== Data excerpts ==
# # #
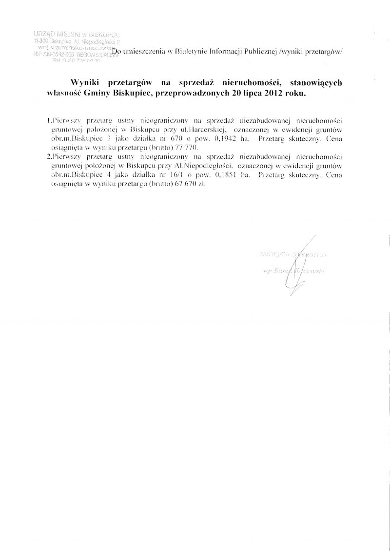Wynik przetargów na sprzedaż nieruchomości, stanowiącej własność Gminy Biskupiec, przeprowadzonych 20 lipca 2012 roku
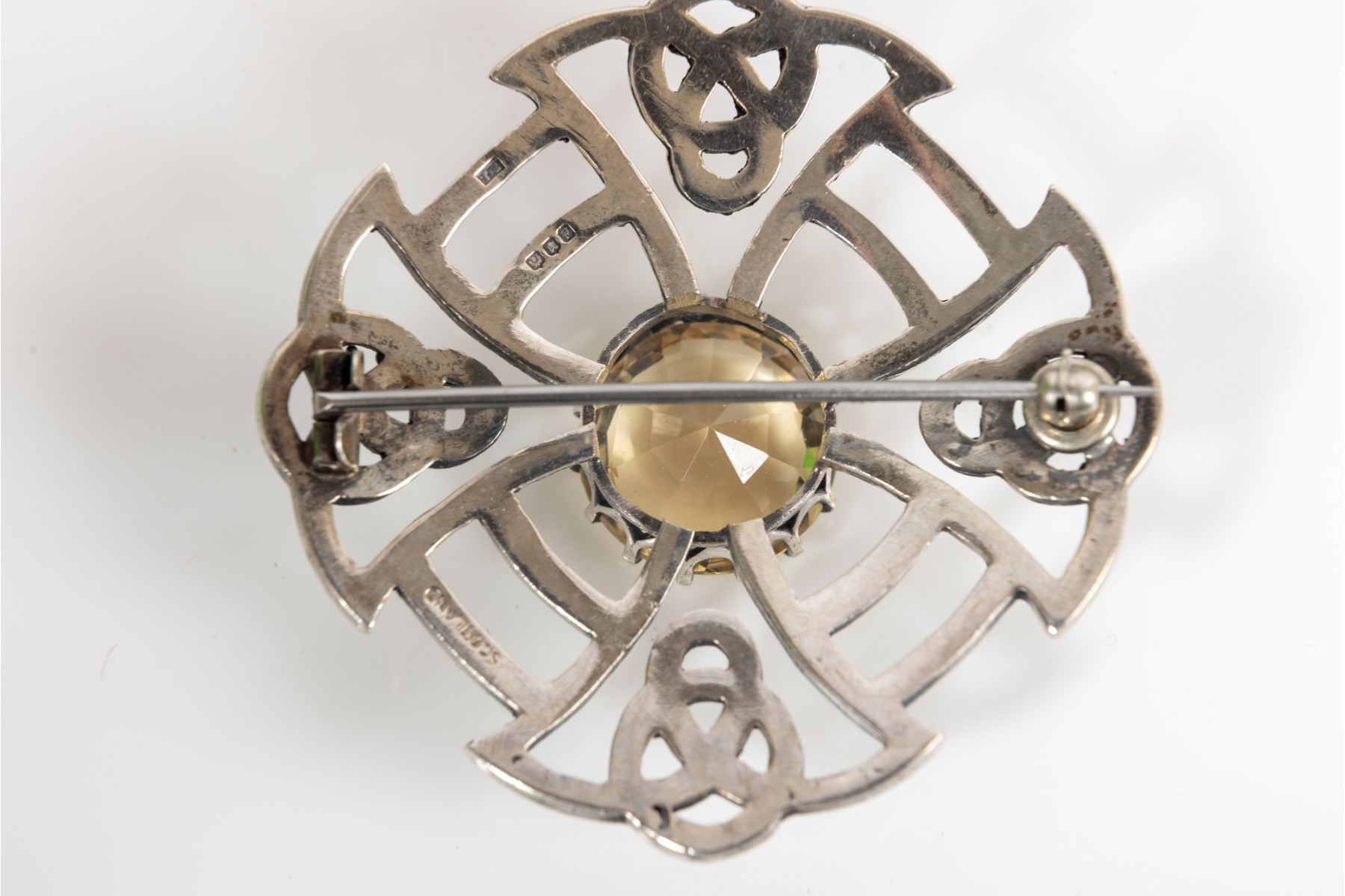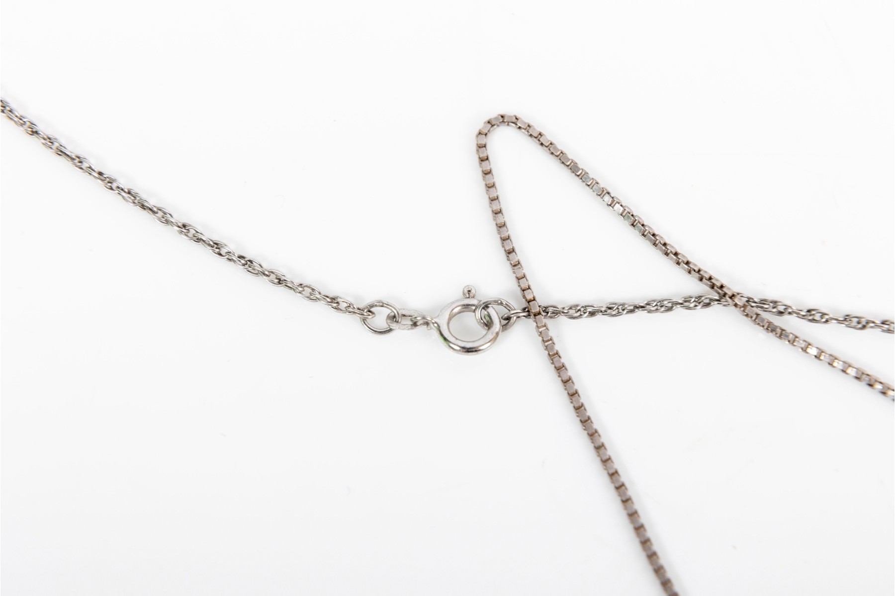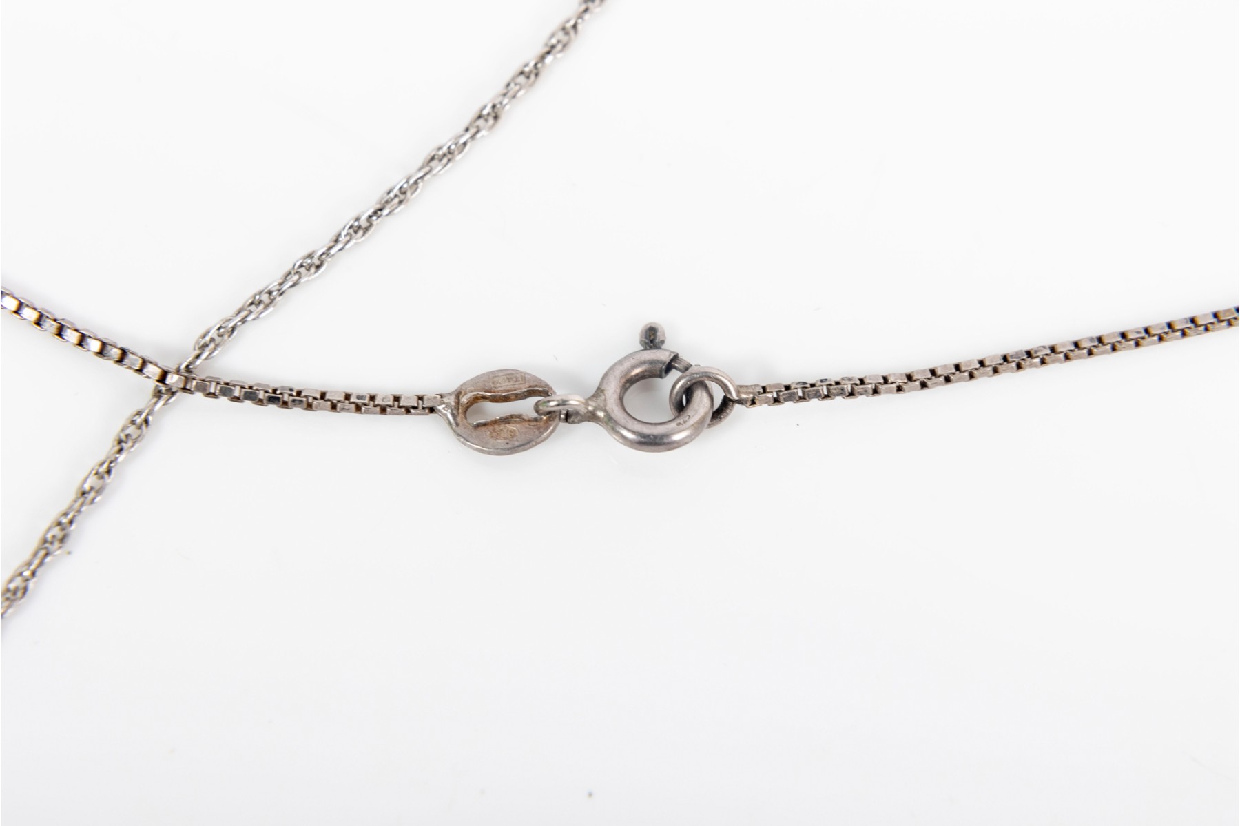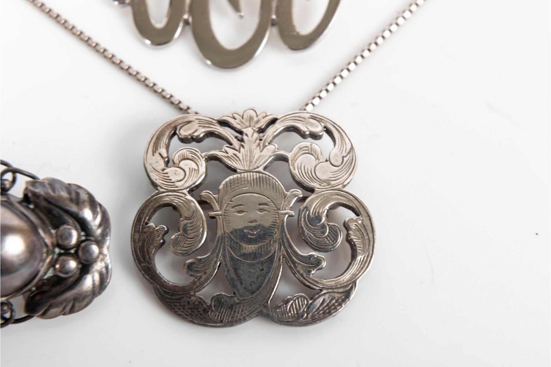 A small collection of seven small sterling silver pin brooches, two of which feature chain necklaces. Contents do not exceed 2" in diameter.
# # #
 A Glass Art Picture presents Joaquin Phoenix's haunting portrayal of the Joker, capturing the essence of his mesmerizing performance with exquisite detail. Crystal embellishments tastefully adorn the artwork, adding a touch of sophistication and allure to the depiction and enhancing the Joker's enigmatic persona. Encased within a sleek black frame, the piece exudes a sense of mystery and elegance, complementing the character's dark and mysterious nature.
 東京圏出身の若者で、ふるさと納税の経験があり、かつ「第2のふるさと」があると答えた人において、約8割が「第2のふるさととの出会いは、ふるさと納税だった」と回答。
# # #
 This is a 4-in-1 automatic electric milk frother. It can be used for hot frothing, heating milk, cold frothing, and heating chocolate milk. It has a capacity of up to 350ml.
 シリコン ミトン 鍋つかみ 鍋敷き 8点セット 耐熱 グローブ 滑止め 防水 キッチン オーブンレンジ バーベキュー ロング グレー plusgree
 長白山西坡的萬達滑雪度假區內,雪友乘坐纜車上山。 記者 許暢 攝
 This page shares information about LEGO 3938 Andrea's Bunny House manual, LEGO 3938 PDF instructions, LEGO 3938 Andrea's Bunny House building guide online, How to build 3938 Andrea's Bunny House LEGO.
# # #
== The problem ==
Keep both end lines and retype everything in the records above from the line containing "シリコン ミトン 鍋つかみ" through the line containing "長白山西坡的萬達滑雪度假區內,雪友乘坐纜車上山。 記者 許暢 攝", exactly, with nothing else.

== Output of the task ==
 シリコン ミトン 鍋つかみ 鍋敷き 8点セット 耐熱 グローブ 滑止め 防水 キッチン オーブンレンジ バーベキュー ロング グレー plusgree
 長白山西坡的萬達滑雪度假區內,雪友乘坐纜車上山。 記者 許暢 攝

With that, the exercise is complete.